# 3g cards prices in bangkok



## canadianinchina (Jun 24, 2011)

Hi,
I am a Canadian living in China and go to Bangkok 2 or 3 times a year for a weeks vacation with my g/f! We both have the iPhone 4 and want to buy a 3G card to use in Bangkok while we are on vacation. But we do not want to have to buy a new 3G card every time we go! 
Can someone suggest a pay as you go card that will not expire for at least a year and can just buy more time on each time we go to vacation in Bangkok???
Thanks in advance,
Danny in China


----------



## lizziebkk (Jun 24, 2011)

do you mean a SIM card for your phone? Bangkok isn't fully 3G and if you want to use the internet you will have to purchase a data plan too. 

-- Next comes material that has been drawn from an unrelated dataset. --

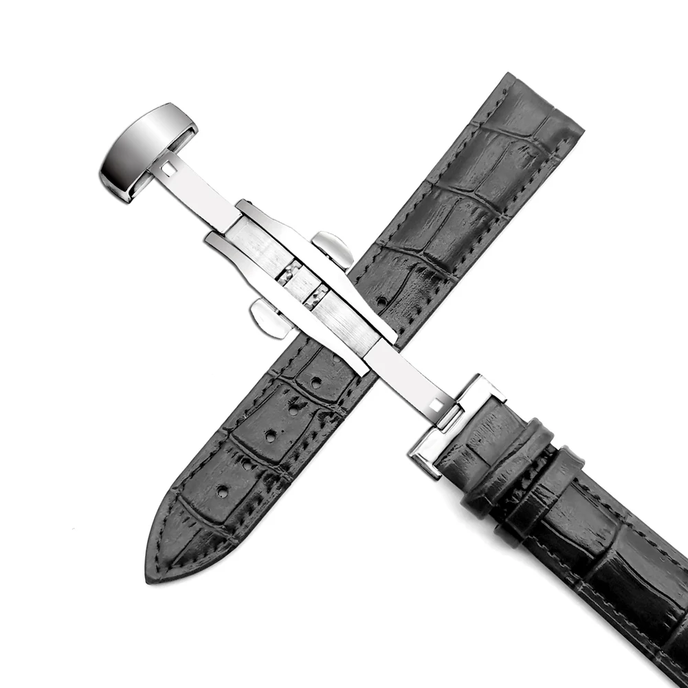 Ремешки для наручных часов из натуральной кожи, 14-24 мм, Универсальные часы с пряжкой-бабочкой, стальной ремешок с пряжкой, браслет на запястье + инструмент

check out TRUE, DTAC Happy and AIS 12 call for info


----------



## canadianinchina (Jun 24, 2011)

Yes, I am asking about a 3G sim card for our phones!
Thanks for the reply
Daniel


----------



## lizziebkk (Jun 24, 2011)

canadianinchina said:


> Yes, I am asking about a 3G sim card for our phones!
> Thanks for the reply
> Daniel



You can get SIM cards but you may not be able to get 3G, the all say they have it but its pretty spotty around Bangkok and Thailand in general is waaay behind when it comes to adopting 3G. In the US, its already 4G!

Not sure about extending them, it may depend on the provider. Your best bet is to deal direct with one of the big 3 12call, dtac happy and True when you get here


----------